How to prove $\int_0^\infty J_\nu(x)^3dx\stackrel?=\frac{\Gamma(1/6)\ \Gamma(1/6+\nu/2)}{2^{5/3}\ 3^{1/2}\ \pi^{3/2}\ \Gamma(5/6+\nu/2)}$?

I am interested in finding a general formula for the following integral: $$\int_0^\infty J_\nu(x)^3dx,\tag1$$ where $J_\nu(x)$ is the Bessel function of the first kind: $$J_\nu(x)=\sum _{n=0}^\infty\frac{(-1)^n}{\Gamma(n+1)\Gamma(n+\nu+1)}\left(\frac x2\right)^{2n+\nu}.\tag2$$ Mathematica gives the following result: $$\int_0^\infty J_\nu(x)^3dx=\frac1{\pi\,\nu}{_3F_2}\left(\frac12,\frac12-\nu,\frac12+\nu;1-\frac\nu2,1+\frac\nu2;\frac14\right)+\frac{\Gamma\left(-\frac\nu2\right)\Gamma\left(\frac{1+3\nu}2\right)\cos\frac{\pi\,\nu}2}{2^{\nu+1}\ \pi^{3/2}\ \Gamma(\nu+1)}{_3F_2}\left(\frac{1-\nu}2,\frac{1+\nu}2,\frac{1+3\nu}2;1+\frac\nu2,1+\nu;\frac14\right),\tag3$$ which can be significantly simplified for odd and half-integer values of $\nu$. The results at those points allow to conjecture another, simpler general formula: $$\int_0^\infty J_\nu(x)^3dx\stackrel?=\frac{\Gamma\left(\frac16\right)\ \Gamma\left(\frac16+\frac\nu2\right)}{2^{5/3}\ 3^{1/2}\ \pi^{3/2}\ \Gamma\left(\frac56+\frac\nu2\right)},\tag4$$ which agrees with $(3)$ to a very high precision for many different values of $\nu$. It also has an advantage that it is defined for all $\nu>-\frac13$ whereas $(3)$ is undefined at every even $\nu$ and requires calculating a limit at those points.

Is it possible to prove the formula $(4)$?

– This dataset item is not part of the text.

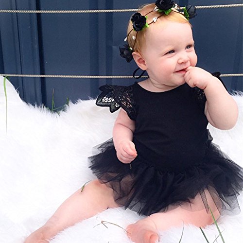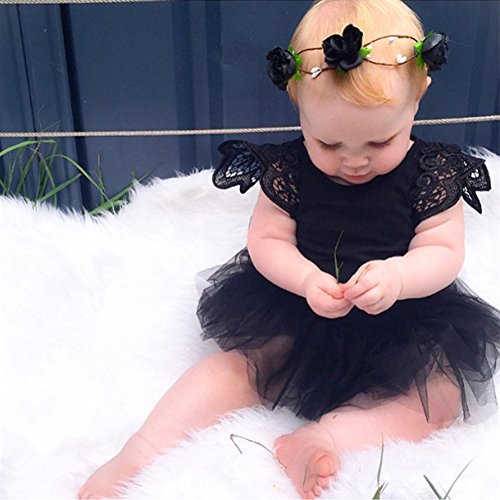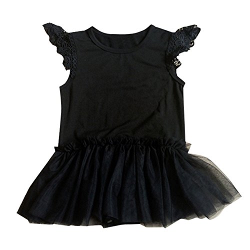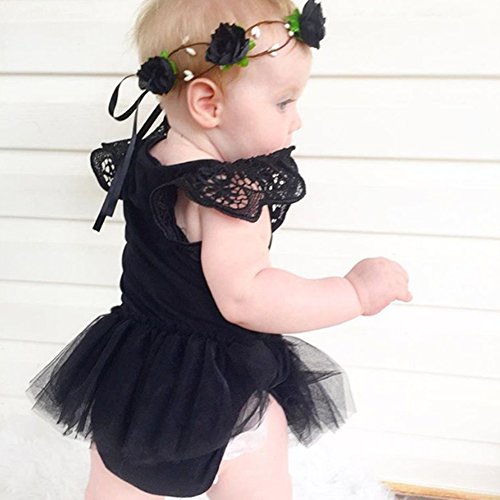 Ochine 新生児 幼児 ロンパース 男女兼用 長袖 レース ノースリーブ コットンブレンド かわいいデザイン ベビー服 0-24月設定 カバーオール 4サイズ選べる (S, ブラック)

Thank you for posting this question, I enjoyed trying to answer it.

Start with the expression that Mathematica gave you and replace each argument $\frac14$ of a hypergeometric function with $\frac z4$, because we will be taking limits. I will call the two hypergeometric functions $Q_1(z)$ and $Q_2(z)$. Each term can be brought to a closed form by using identity 16.6.2 from the DLMF.

Setting $a=\frac12$, $b=1-\frac\nu2$, we get $$ Q_1(z) = (1-z)^{-\frac12} F\left(\frac16, \frac36,\frac 56; 1-\frac\nu2, 1+\frac\nu2; \frac{-27 z}{4(1-z)^3} \right), $$ and setting $a=\frac{1+3\nu}{2}$, $b=1+\frac\nu2$, we get $$ Q_2(z) = (1-z)^{-\frac{1+3\nu}{2}} F\left(\frac{1+3\nu}6, \frac{3+3\nu}{6}, \frac{5+3\nu}{6}; 1+\frac\nu2, 1+\nu; \frac{-27z}{4(1-z)^3} \right). $$ (Note that there are 6 possible identities to try per function, one for each possible choice of $a$ and $b$ from the parameters, so it helps to do this on a computer.)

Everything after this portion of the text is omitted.